During my formal education in architecture school, I was taught to learn how to read and manipulate the formal design languages of geometry and tectonics. In the academic studio, we spoke about materiality and ephemerality, skin and structure, and was told to ground it in history, theory and context. We were assessed on spatial quality and aesthetics and told that these qualities separated a building from a piece of architecture.
On most occasions, we were expected to answer the brief and on others, challenge it, and we did. My classmates and I imagined great plazas with impromptu urban life, streets filled with spillover activities, artworks to be discovered at backlanes, and rooftop film screenings. But we would soon discover that not many of these would materialize.

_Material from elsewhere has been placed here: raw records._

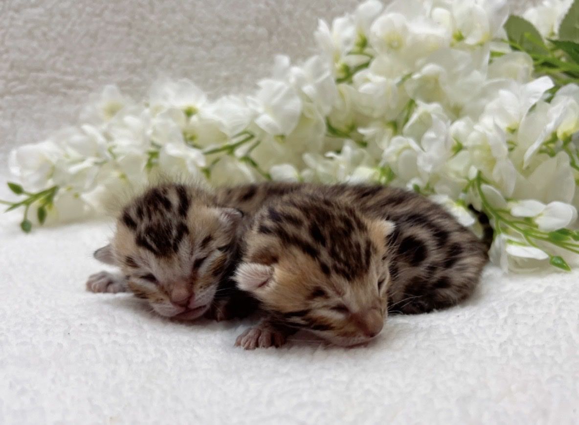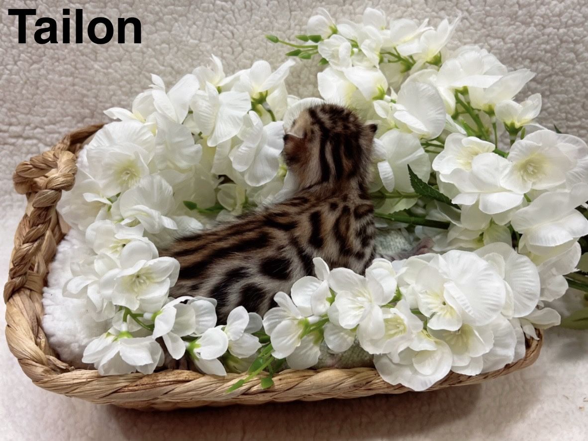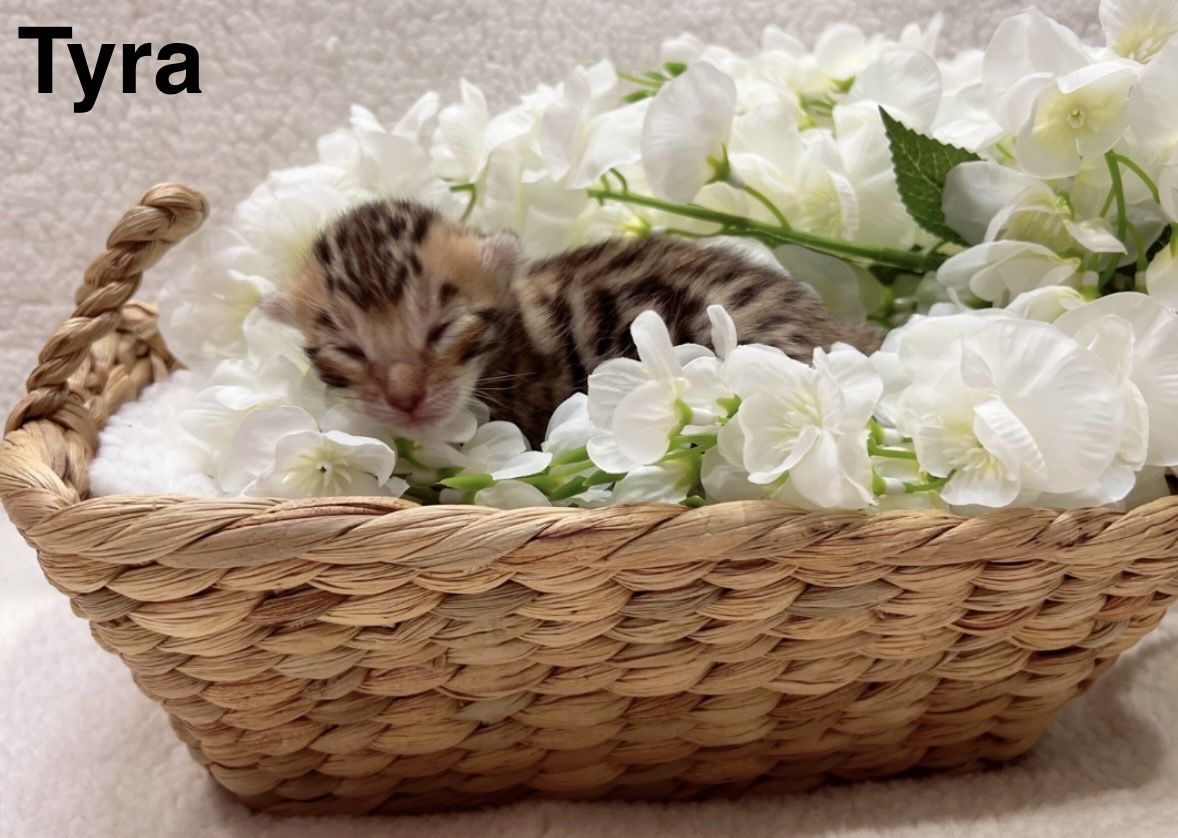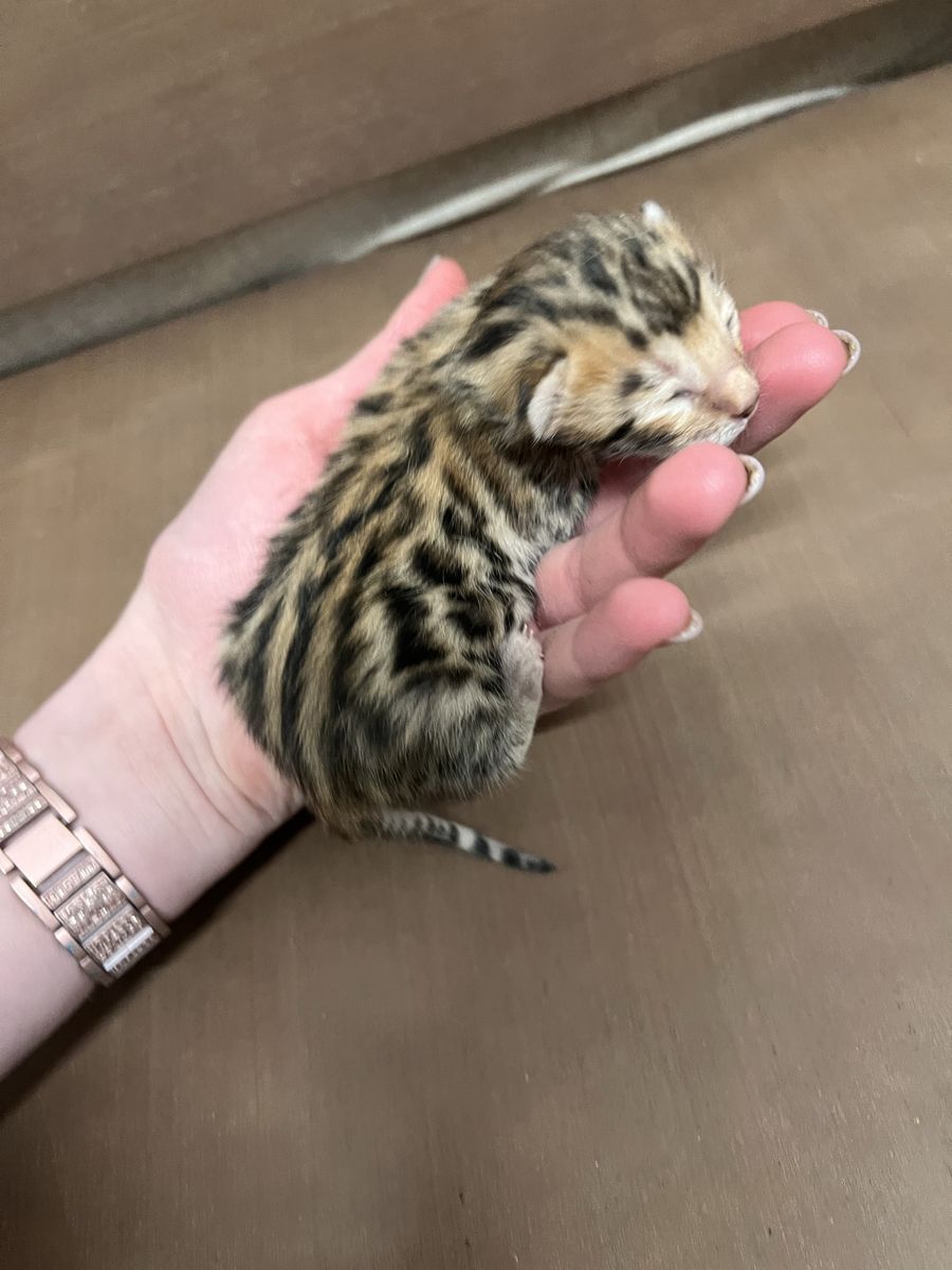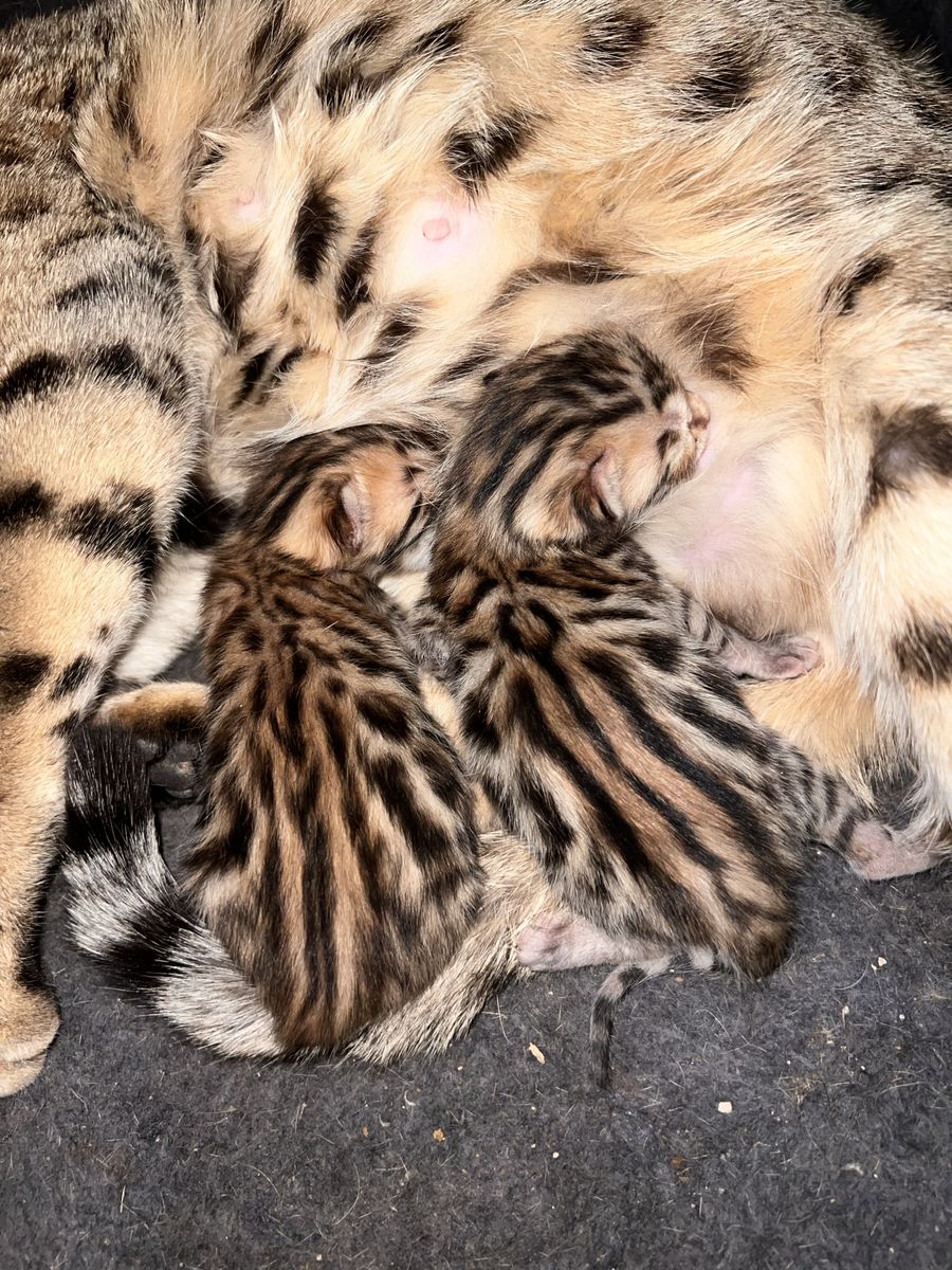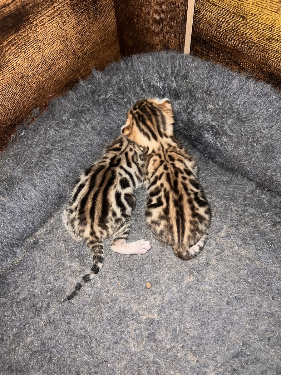 We have 2 purebred bengal kittens available 1 female and 1male. Born 04/07/2026 the females name is Tyra and the males name is Tailon . These are purebred bengal kittens they have a unique pattern simular to jaguar markings, they come in many different colors but these 2 kittens will most likely be red. They are extremely exotic cats if you don't know what a bengal is i encourage you to do your research. Bengals are more active than normal house cats they can jump up to 7ft high just from the ground and they are fast cats, they also can enjoy water. These cats move like jaguars not like normal house cats they are a very rare and unique breed. the last pics are of the parents Rajah & Iris are their names. Iris is their mother she has had many litters and does great with them. The kittens will stay with there mother until they are 10 weeks old. These kittens will be very beautiful and have rare big rosettes they are already so pretty for their age and they will only get prettier as they grow. I will update the photos to show you how they are growing and how much prettier they get by the day. These kittens will come with a gift bag of their essentials some of their toys, food, blanket, ect. if you want to know more about these kittens and my cats you can check us out on Instagram Facebook & Tik Tok @exottic_bengals_society
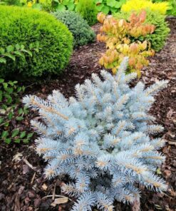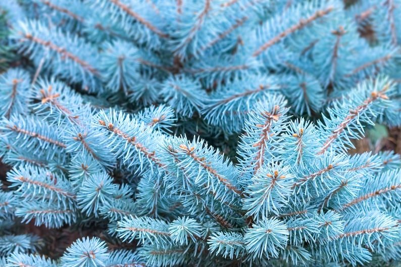 The Colorado Blue Spruce, scientifically known as Picea Pungens Glauca, is celebrated for its beautiful silvery-blue foliage. This evergreen is ideal for various climates and serves as an ornamental addition to any landscape.
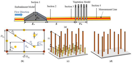 Experimental setup: (a) flume with experimental models, (b) vegetation arrangement; red and yellow color dots represent the tall and short vegetation respectively, (c) double-layer vegetation model, and (d) single-layer emergent vegetation where EH and EW are the embankment height and width, respectively, S is the open space between the embankment and vegetation, VW is the width of the vegetation, DSL and DEL are the center-to-center distance between the cylinders in the submerged layer (SL) and emergent layer (EL), respectively, and GSL and GEL are the gap between the trees in the SL and EL, respectively, the two sided arrows represent the distance or heights.

Instead, there were unused pockets of beautiful spaces, human-less lushly landscaped parks and vast roof surfaces as carparks. The renderings with vibrant activities manifested as empty beautiful spaces.
While many identified creative programming to be key, a lack of contextual relevance of what was proposed and resources to execute the good ones, has often led it to remain as latent spatial potential and many, including myself, have been looking for ways to harness this.
Today, we see acts of urban activation attempting to get closer towards fulfilling the potential of our built spaces. For example, the Experience Market during Archifest 2013 (which I was directing) is an attempt to turn an uncharacteristic and lifeless gravel area at Dhoby Ghaut Green into a vibrant marketplace under the canopy. Elsewhere, in the backlanes of Bangsar and Petaling Jaya in Malaysia, community gardens and resident-led parties by the likes of renowned landscape architect Ng Sek San and architect Ms Foo Hui Ping, attempts to bring relevance into these often forgotten but highly intimate spaces. Some ground-up and some empowered by intelligent organizations, projects like these are what reinforce my belief that photogenic spaces is only half the answer to creating a successful piece of architecture or urban space and it is the ability of people to use it meaningfully that makes a difference.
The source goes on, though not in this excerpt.